• _Try it_
The copy must run from the first line of the entries below through the line containing "Генерирует файлы подписи", restated word for word, with pictures left out.

------------------------------

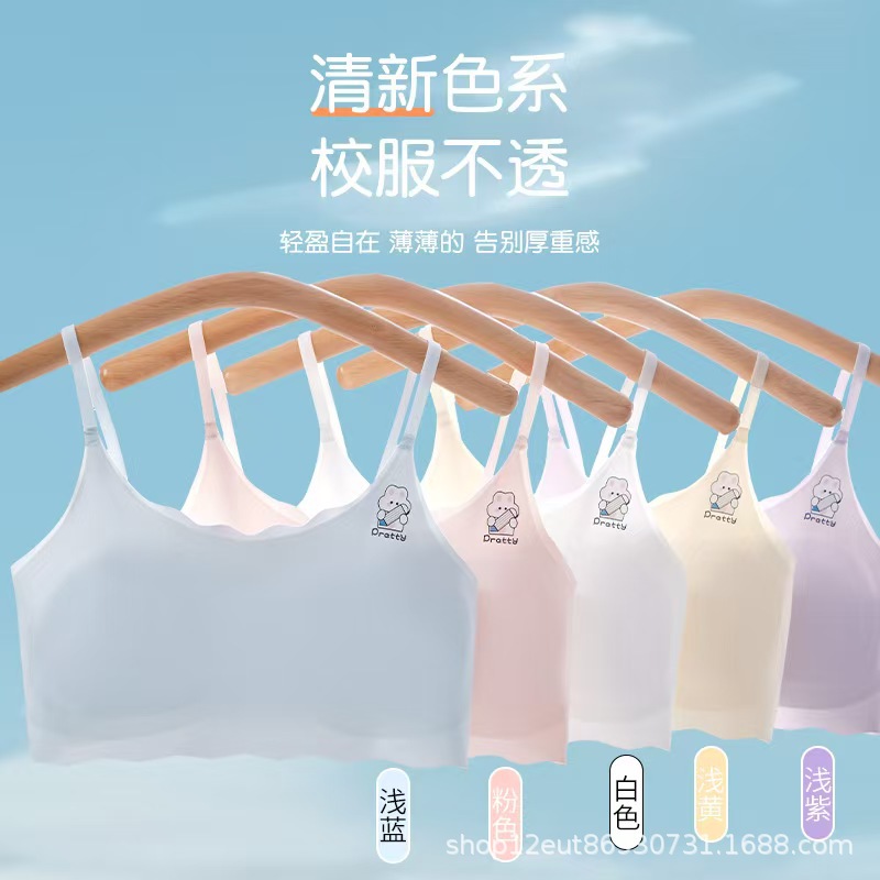 여름 발달 아이스 실크 여아 속옷 초등학교 아이들 여자 1 단계 안티 범프 고정 컵 작은 조끼스토어 가기
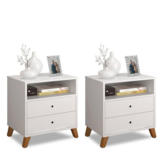 CONJUNTO 2 CRIADOS DE CABECEIRAS 2 GAVETAS E 1 NICHO BRANCO Branco
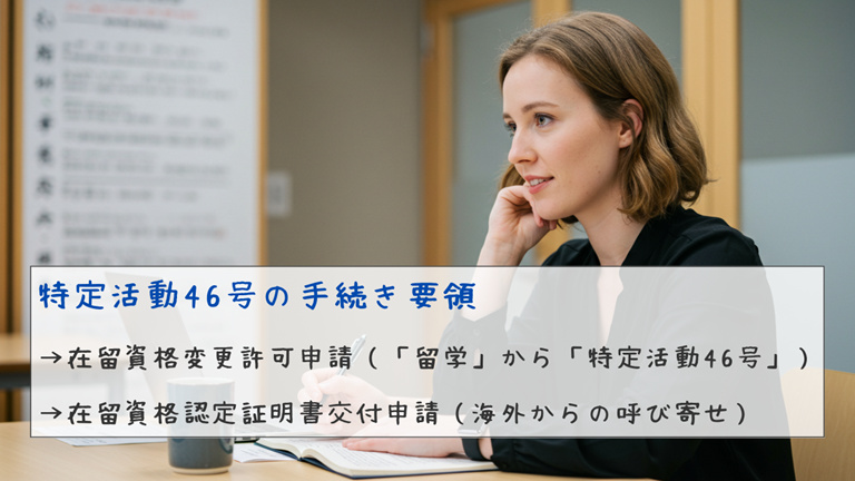 主に「留学」から「特定活動46号」への在留資格変更許可申請、または海外からの呼び寄せのための在留資格認定証明書交付申請の手続きがあります。
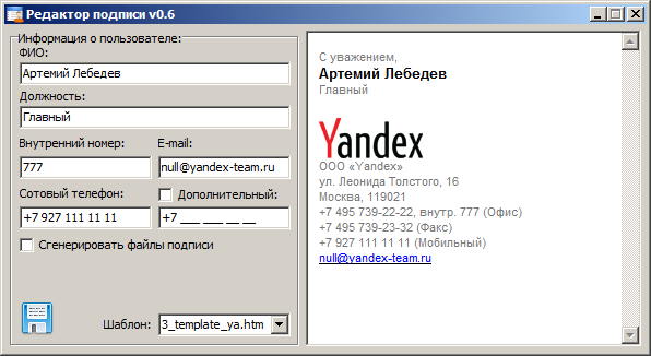 Генерирует файлы подписи в html, rtf, txt и кладет их в папку подписей оффиса. PNG при этом вставляется и остается ссылкой на сайте. |
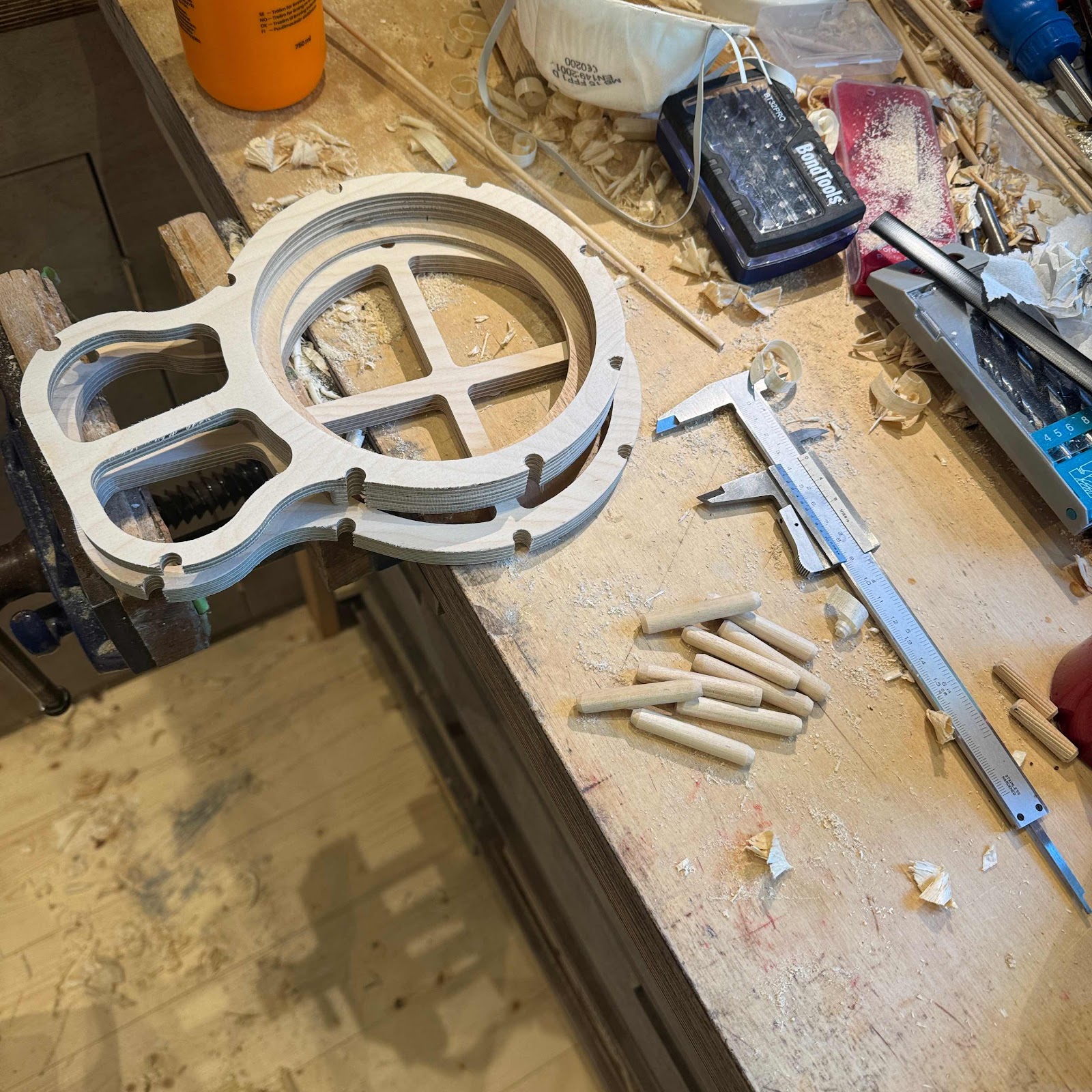 But now the new workshop is well under way to completion. I have spent a month constructing storage solutions for the tools, and today I dug into the remaining boxes of… stuff, and found the small pile of resonator skeletons.
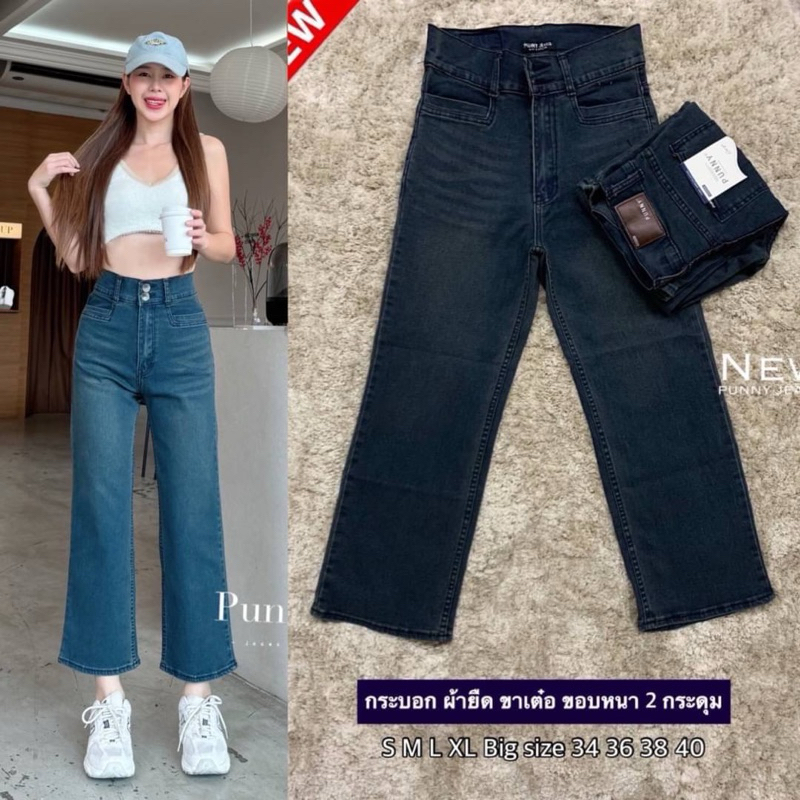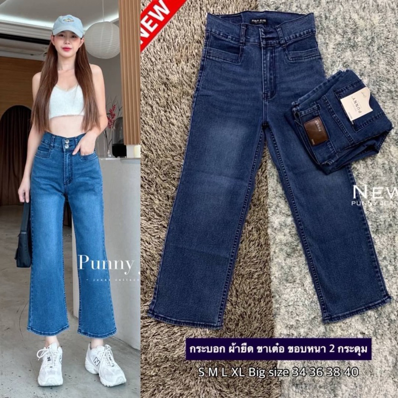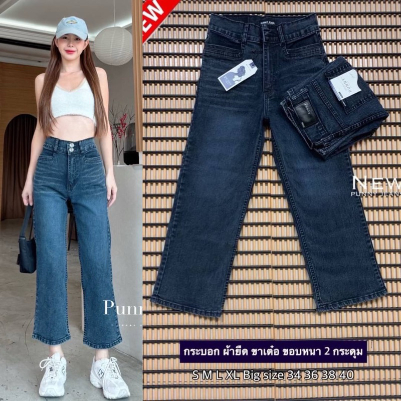 หยิบใส่ตะกร้าPN47มีไซส์34-40กางเกงยีนส์ยืดทรงกระบอก8ส่วนขาเต๋อสาวอวบอ้วน
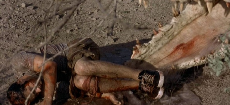 For a cheaply made creature-feature, one of the standouts of CROCODILE is how much onscreen footage is dedicated to the Croc, as well as its double-digit attack sequences. Normally, a chintzy movie like this will wait and show its creature sparingly to mount suspense. Not here. Hooper cares not about such matters, he’s more interested in delivering the gory goods as much and as often as he can. The result is no less than 10 brutal and bloody onscreen attacks. However, the way Hooper mounts the tension and suspense is by mixing non-lethal onslaughts with the gnarly fatalities. That is, not every attack ends in death, which is a smart way of not only keeping things from being monotonous, but also keeps us guessing as to who will really perish. Duncan gets attacked but narrowly survives. Same goes for Annabelle and her dog, Princess, early on in the film. In fact, Hooper is clearly having a tremendous amount of fun by toying with audience expectations as they relate to Princess. Much like in the movie MEG, we expect the cute little dog to become feasted on as an appetizer at some point in the film. Hooper hilariously runs this gag into the ground, but it’s still fun to find out whether or not Princess will live or die in the end. It gets to the point where you’d actually rather see the dog survive rather than the humans, just as we root for the Croc to get its rightful revenge.
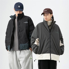 男士棉衣2020青年立领休闲秋冬季拼色加绒加厚短款...
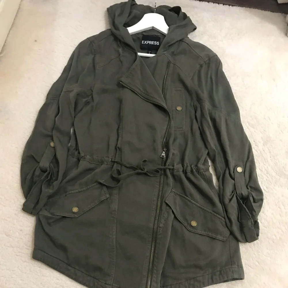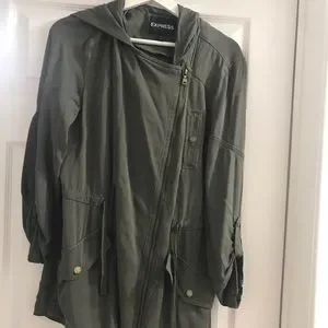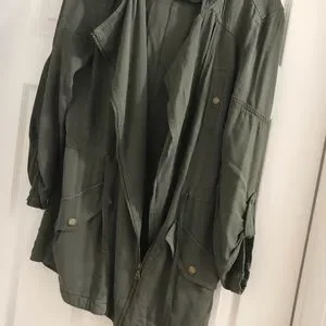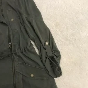 Women’s Army Green zip up jacket ,long sleeve, light weight, hoodie , with big pockets, adjustable waist. It will be perfect to wear with either a short or long sleeve T-shirt , or colourfully sweater .
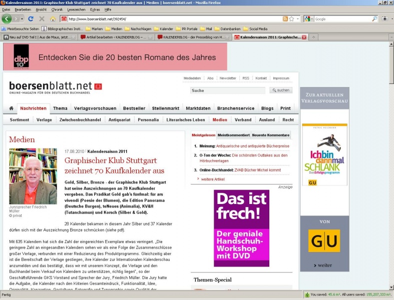 Graphischer Klub Stuttgart zeichnet 70 Kaufkalender aus
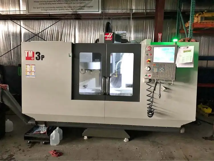 For sale: 2012 HAAS TM-3P Vertical Machining Center with 4th axis and probing. Features 40" x 20" x 16" travel, 7.5 hp power, 6,000 RPM, CAT40 taper, 10-tool ATC, 14.5" x 57.75" table. Includes several CAT 40 holders.

------------------------------

• _Answer for this exercise_
 여름 발달 아이스 실크 여아 속옷 초등학교 아이들 여자 1 단계 안티 범프 고정 컵 작은 조끼스토어 가기
 CONJUNTO 2 CRIADOS DE CABECEIRAS 2 GAVETAS E 1 NICHO BRANCO Branco
 主に「留学」から「特定活動46号」への在留資格変更許可申請、または海外からの呼び寄せのための在留資格認定証明書交付申請の手続きがあります。
 Генерирует файлы подписи в html, rtf, txt и кладет их в папку подписей оффиса. PNG при этом вставляется и остается ссылкой на сайте. |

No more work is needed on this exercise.